• PROBLEM DETAILS
Only the lines from the one with "後ろ丈を長めに、前後差を付けたシルエットのカーディガン。" through the last line of the material below belong in the answer, copied exactly and without pictures.
DATA RECORDS Block Start
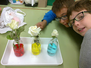 Luego hemos introducido unas flores blancas en los botes y hemos podido comprobar con el paso de los días, que empiezan a aparecer motitas del color del agua del bote, en los pétalos de las flores blancas.
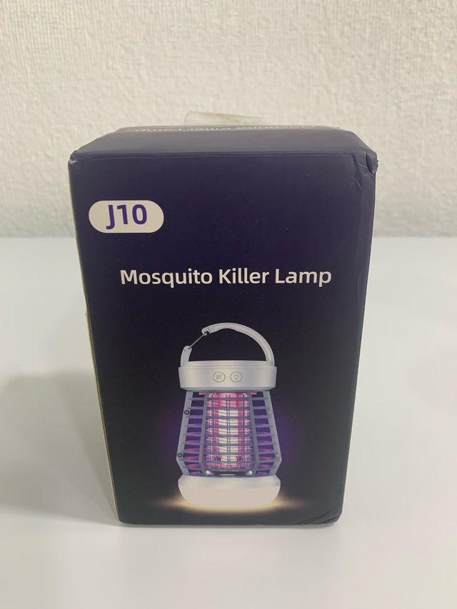 Detalles del productoLámpara antimosquitos modelo J10, adecuada para uso en interiores y exteriores. Su diseño combina colores blanco y morado.
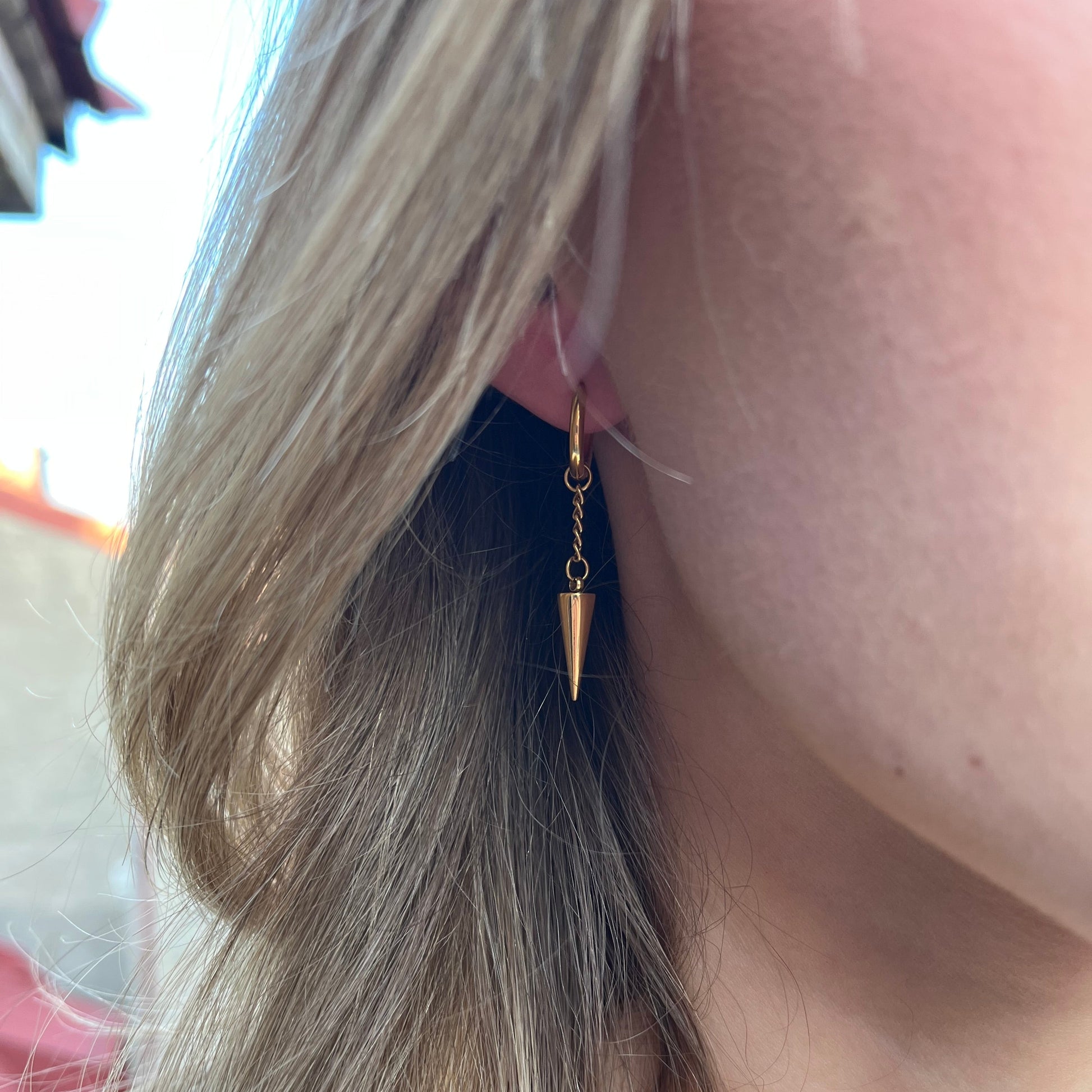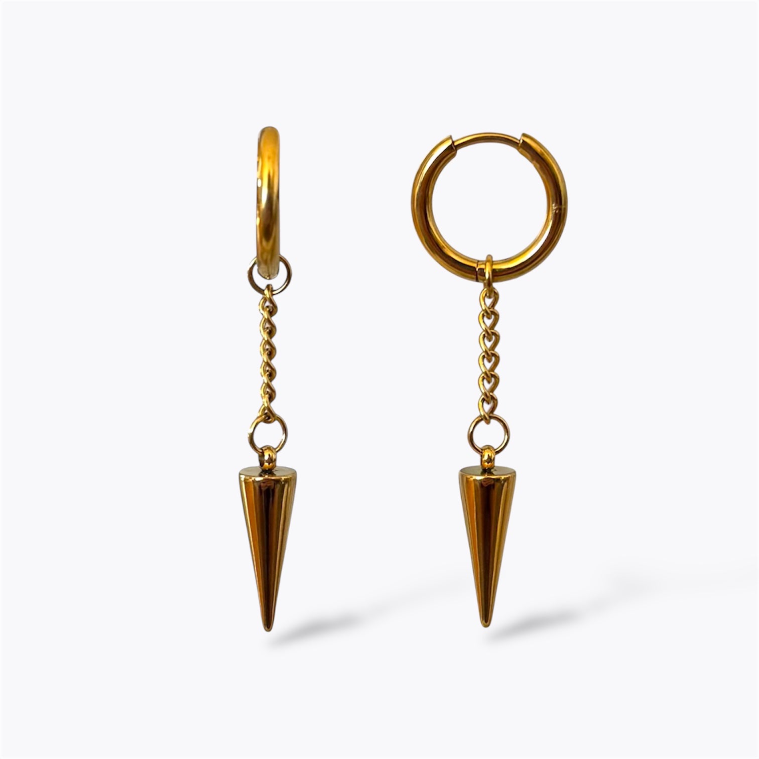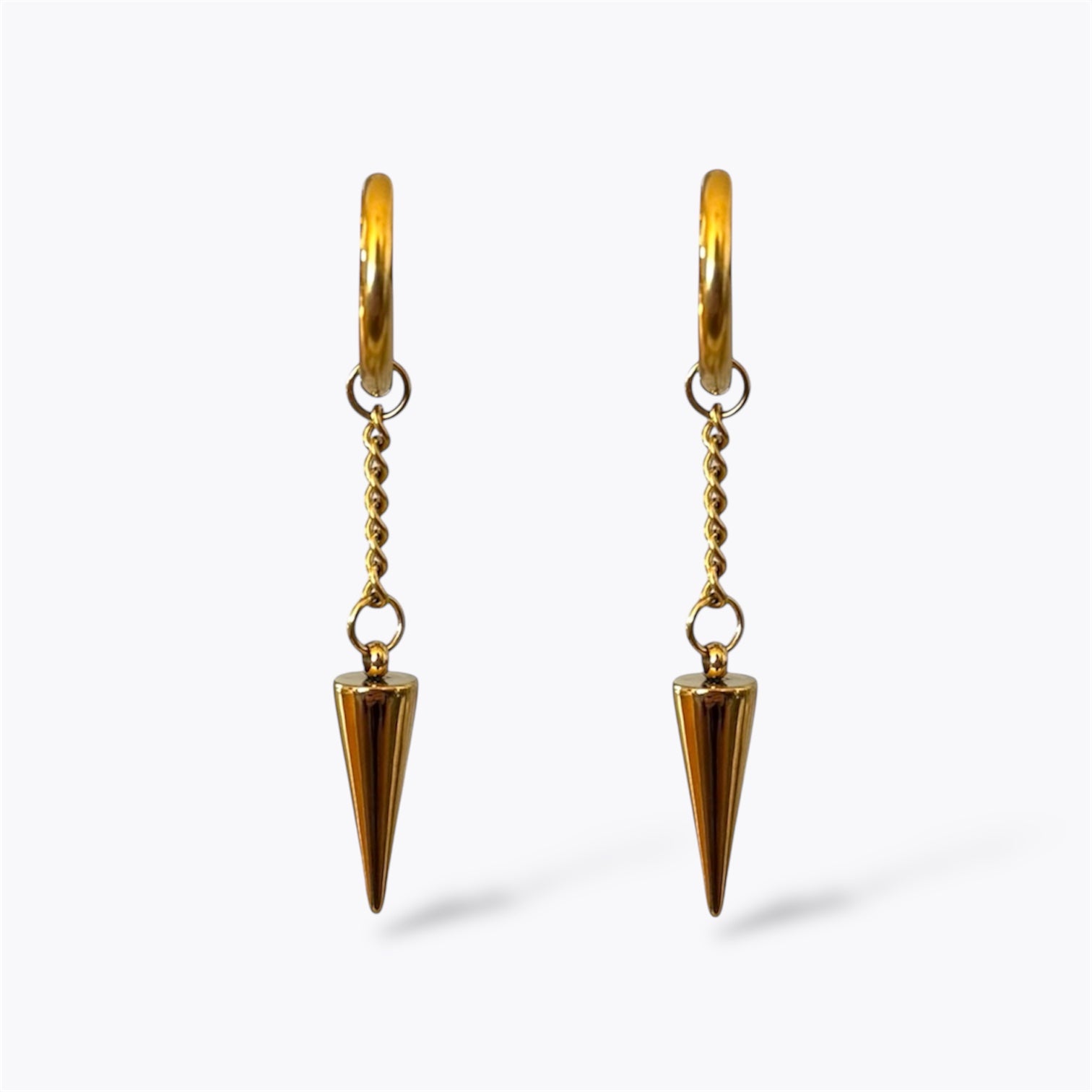 Bold earrings featuring sharp, dagger-like spikes for a fierce, edgy look. A striking blend of strength and modern elegance. Perfect for those who embrace powerful, confident style.
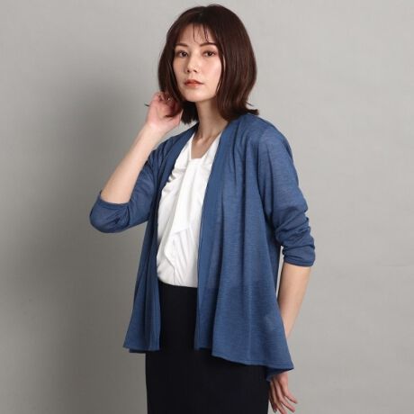 後ろ丈を長めに、前後差を付けたシルエットのカーディガン。
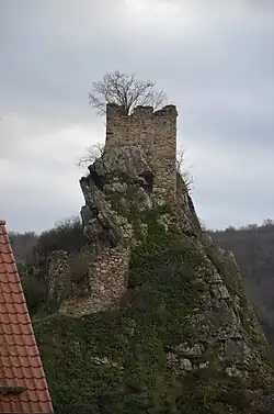 Um das Jahr 1150 entstanden oberhalb des heutigen Ortes die Burganlagen Stein, Kallenfels und Stock im Hahne. Die Burg oder Schloss Stein entstand auf der oberen Felskuppe. Das Schloss Kallenfels (Kaldenfels) lag 80 Fuß unter der Feste Stein. Weiter unterhalb entstand der Stock im Hahne, ein Wohnhaus mehr ein turmartiges Gebäude zur Verteidigung des unterhalb liegenden Weges als zur Ritterwohnung bestimmt.
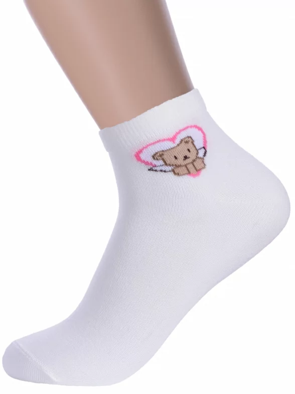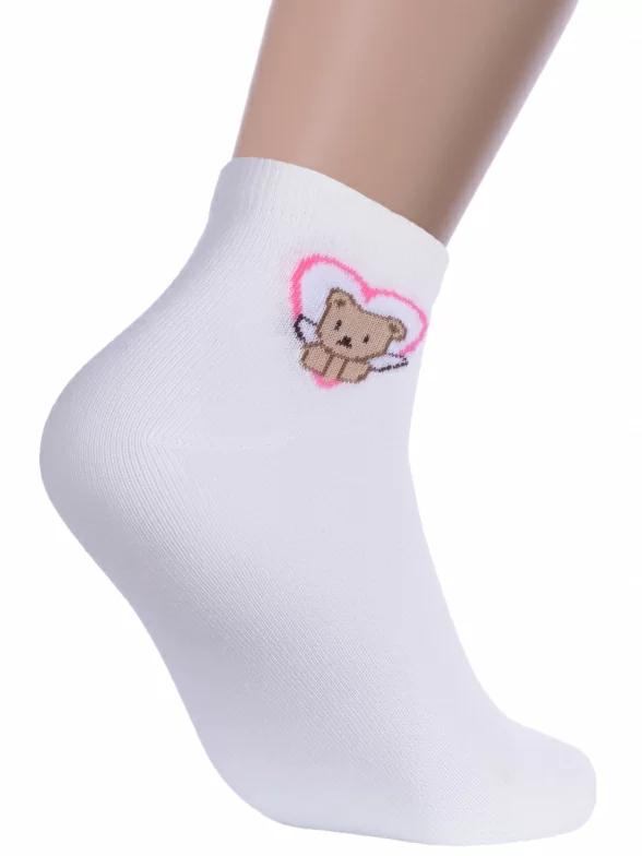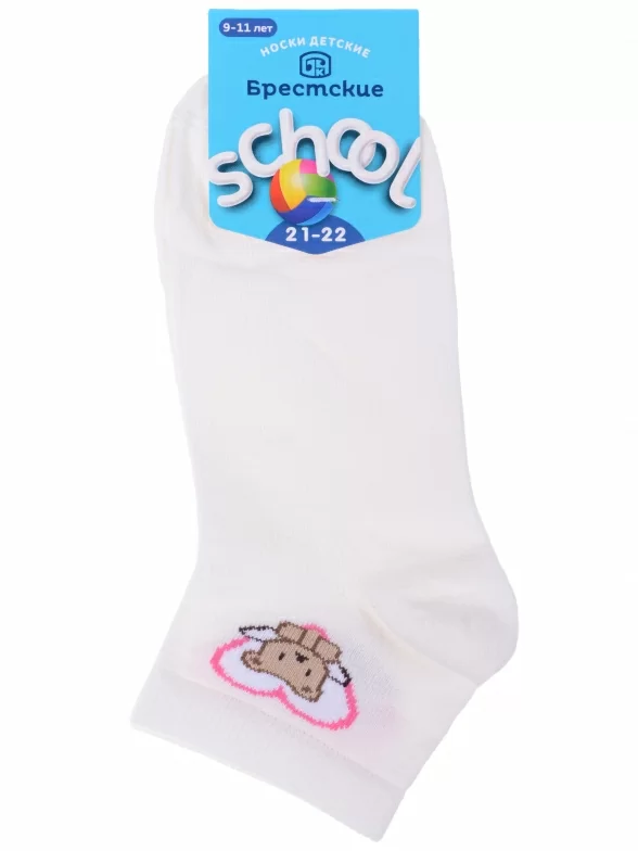 Круглогодичные укороченные детские носки, цвет бежевый, шов обычный (не бесшовные), принт (рисунок): сердечки / поцелуи / любовь, животные, состав: 74% хлопок, 24% полиамид, 2% эластан, арт. 15С3085. Производитель «Брестский чулочный комбинат ОАО, Беларусь» под брендом «Брестские (бчк)».
DATA RECORDS Block End
• SOLUTION TO THE PROBLEM
 後ろ丈を長めに、前後差を付けたシルエットのカーディガン。
 Um das Jahr 1150 entstanden oberhalb des heutigen Ortes die Burganlagen Stein, Kallenfels und Stock im Hahne. Die Burg oder Schloss Stein entstand auf der oberen Felskuppe. Das Schloss Kallenfels (Kaldenfels) lag 80 Fuß unter der Feste Stein. Weiter unterhalb entstand der Stock im Hahne, ein Wohnhaus mehr ein turmartiges Gebäude zur Verteidigung des unterhalb liegenden Weges als zur Ritterwohnung bestimmt.
 Круглогодичные укороченные детские носки, цвет бежевый, шов обычный (не бесшовные), принт (рисунок): сердечки / поцелуи / любовь, животные, состав: 74% хлопок, 24% полиамид, 2% эластан, арт. 15С3085. Производитель «Брестский чулочный комбинат ОАО, Беларусь» под брендом «Брестские (бчк)».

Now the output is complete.